As I have already written, the question of commenting on the code is better solved based on the needs of the company, but it is better to live with the commented code.
Test coverage
It is not necessary to describe the need and role of automatic tests for a project, because this is the topic of a separate article. But this is a very important characteristic of code quality. The level of coverage is read as the ratio of the number of covered code elements to the number of all existing ones. Depending on what is meant as a code element, the following types of coverage are often distinguished:
- file coverage - here you need to determine how to understand that the file is covered with tests: often the file is covered if the test got into the file and executed at least one line of code from the file. Therefore, this metric is used extremely rarely, but it still has the right to exist.
- class coverage - similarly with file coverage, only class coverage :). Also rarely used.
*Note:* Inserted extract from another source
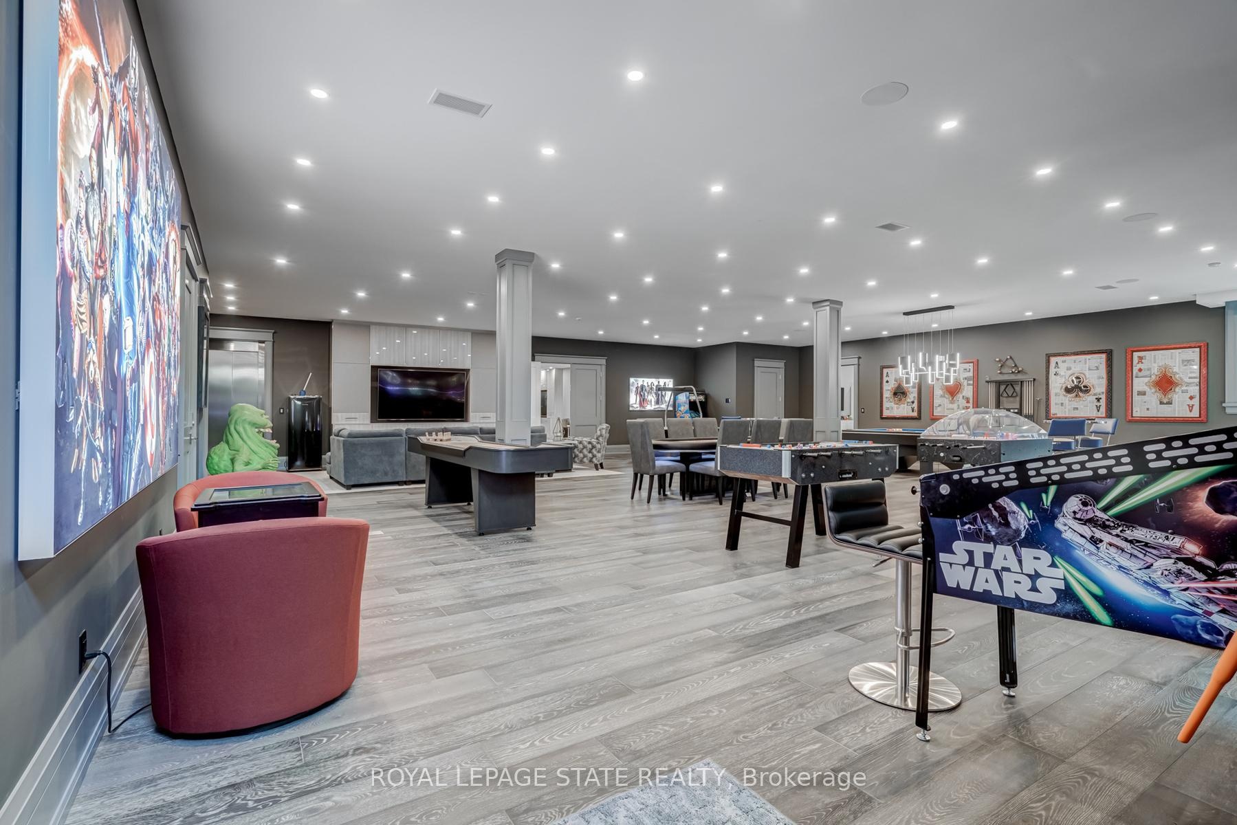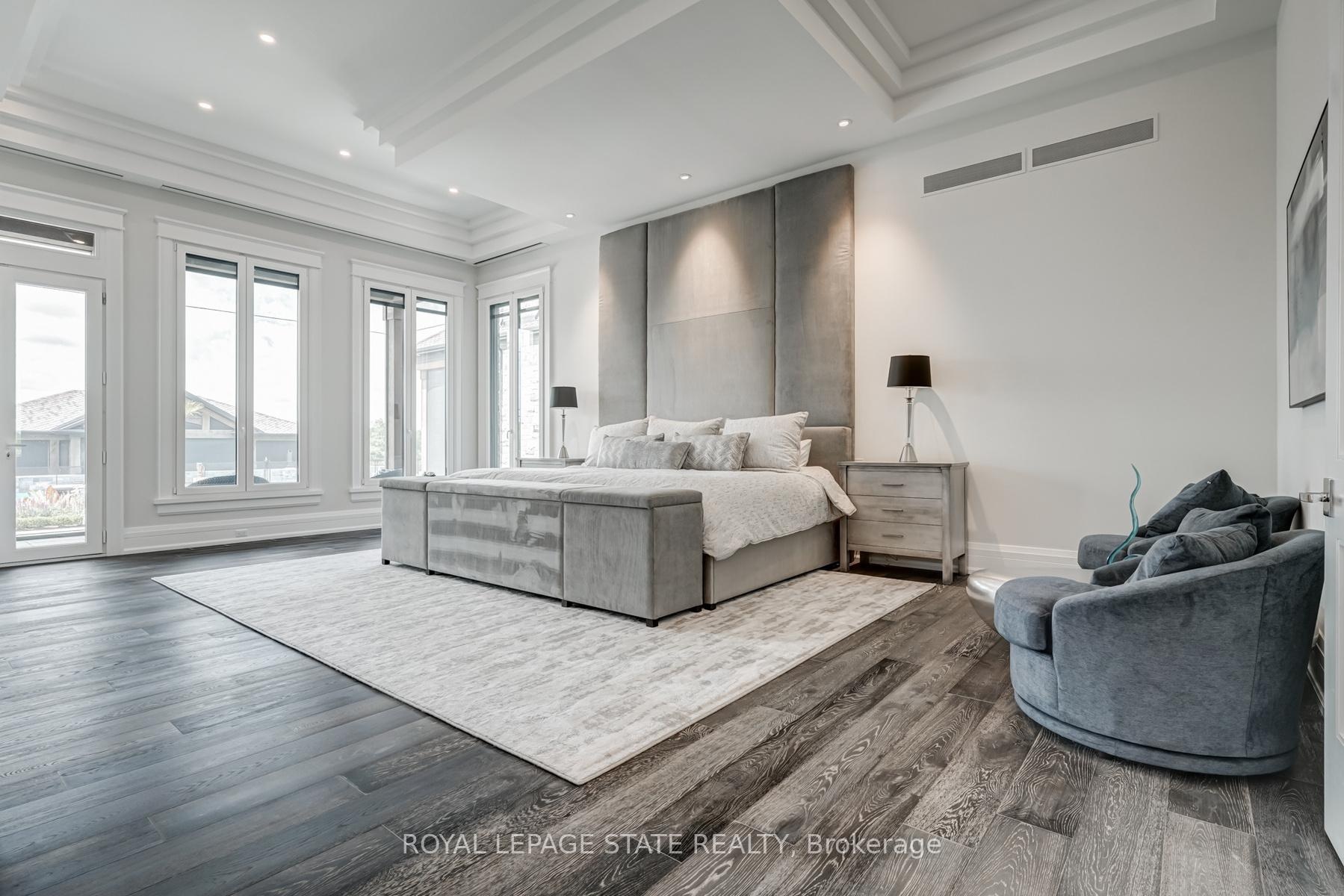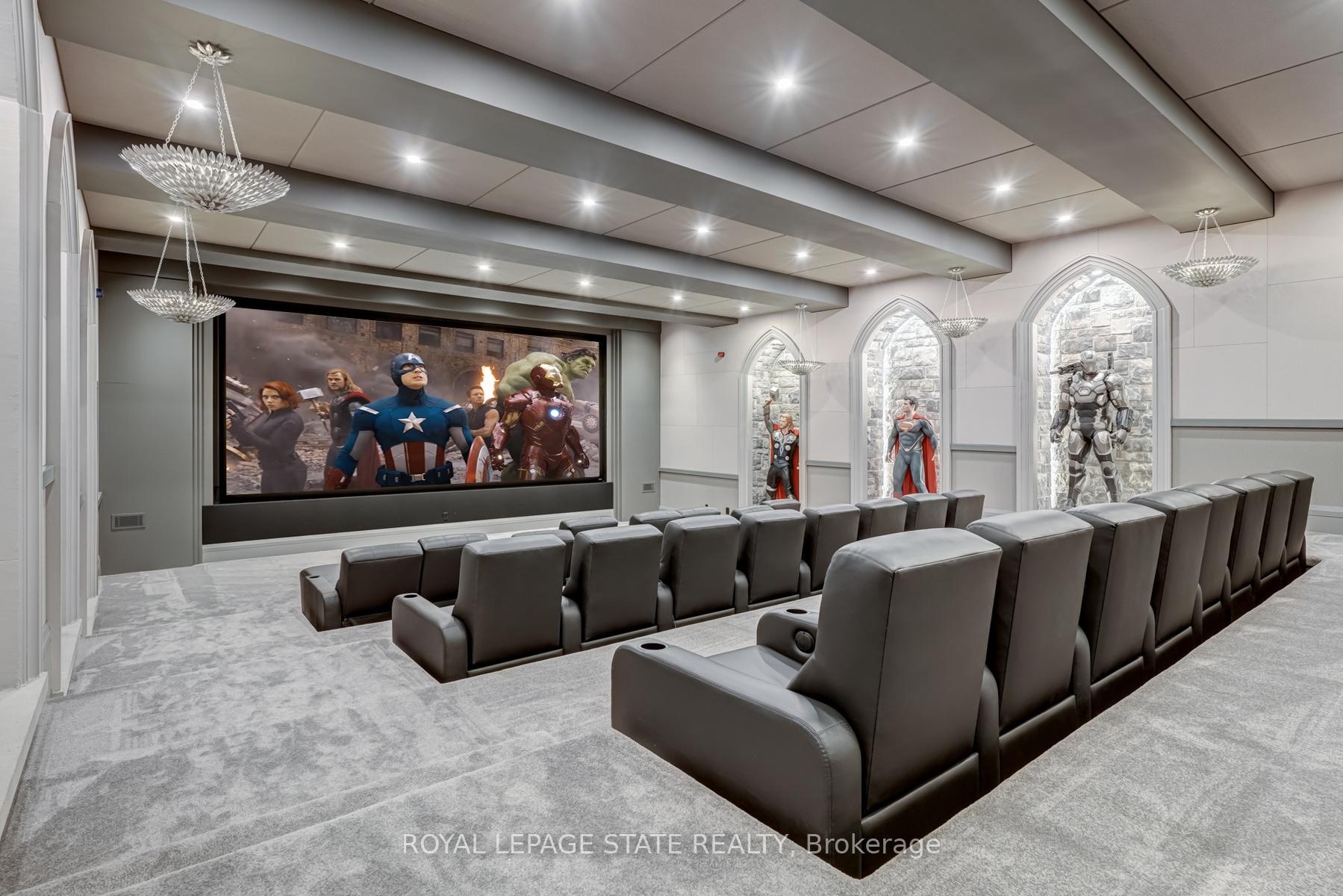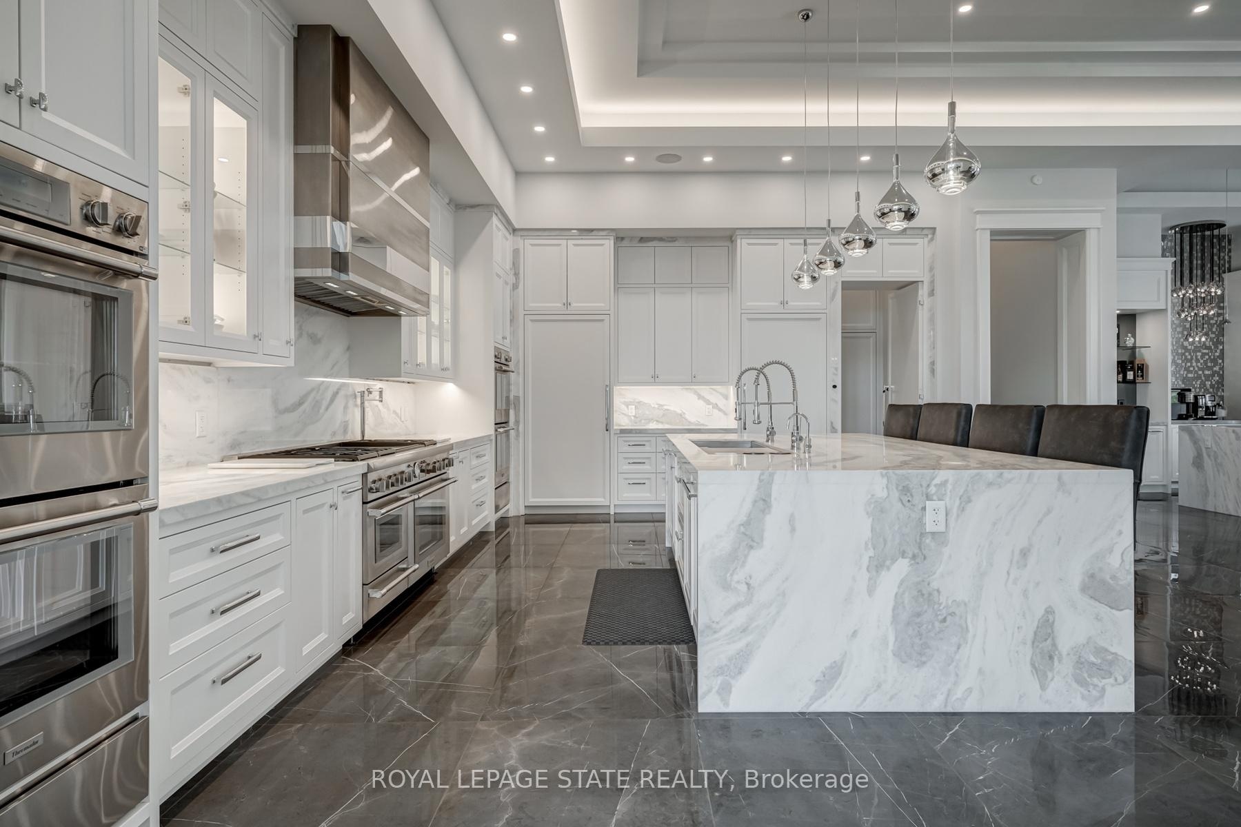 Set amidst a 5.2-acre estate, this extraordinary 32,000+ sq ft mansion offers unparalleled luxury and privacy. The gated and secured property features a stunning 1/3-acre aerated pond leading to a sprawling contemporary bungalow with lofted in-law quarters and a 5,210 sq ft detached garage with lounge, wash bay, and private gas pump-ideal for car enthusiasts.Surrounded by serene countryside, yet minutes from the heart of Ancaster, the renowned Hamilton Golf & Country Club, and Highway 403, offering both seclusion and convenience. Inside, every room showcases soaring 14 to 18-foot custom moulded ceilings, 32-inch porcelain flooring, and the highest quality materials and craftsmanship. The state-of-the-art home features whole-home automation by Control4. Spacious living areas feature custom granite walls with Town & Country fireplaces. A gourmet kitchen is equipped with top-tier appliances, including Sub-Zero, Thermador, and Miele. The luxurious lanai is perfect for entertaining, with heated Eramosa flagstone, a full outdoor kitchen, 72" Woods gas fireplace, and phantom screens. The opulent primary suite includes a private patio with hot tub and an expansive dressing room. The ensuite features heated herringbone floors, a soaker tub with fireplace, towel warmer drawers and a digital rain shower. The opposite wing offers three additional bedroom suites, each with walk-in closets and ensuites. A Cambridge elevator provides access to the entertainer's dream basement, with a party room, full bar, professional gym with sauna and steam shower, games room, and a state-of-the-art home theatre. This 24-seat Dolby Atmos theatre features a 254-inch screen, 24-foot ceiling height, and a Kaleidoscope movie server for the ultimate cinematic experience. Outdoor amenities include a 35' x 75' heated pool, a 14-person hot tub, and an entertainment cabana with a media area and hosting bar. A regulation-size sports court and a children's playground complete this family-friendly estate.

- The coverage of methods is the same method of calculating metrics. True method coverage can be more widely spread: if you have a rule on a project to cover each method with at least one test, then with this metric you can quickly find code that does not comply with the rules.
- row coverage is one of the most commonly used coverage metrics. The same method of calculus, only for ob'ek taken a line.
- the branch coverage is the same, respectively, branching is taken for the element. To achieve a good indicator for this metric is worth the greatest effort. By this metric, one can judge how conscientiously the programmer approached the test coverage.
- total coverage is the coverage metric whereby not one element but several are taken into account in the calculations. Most often use the total coverage of rows and branches.
The higher the coverage of the code with tests, the lower the risk of breaking part of the system and leaving it unnoticed.
Instead of conclusion
The list presented here is not complete, but it may be quite enough to maintain the code in a qualitative state. All these characteristics are included in static code analysis and it is good practice to automate this process. I hope for someone the article will be useful.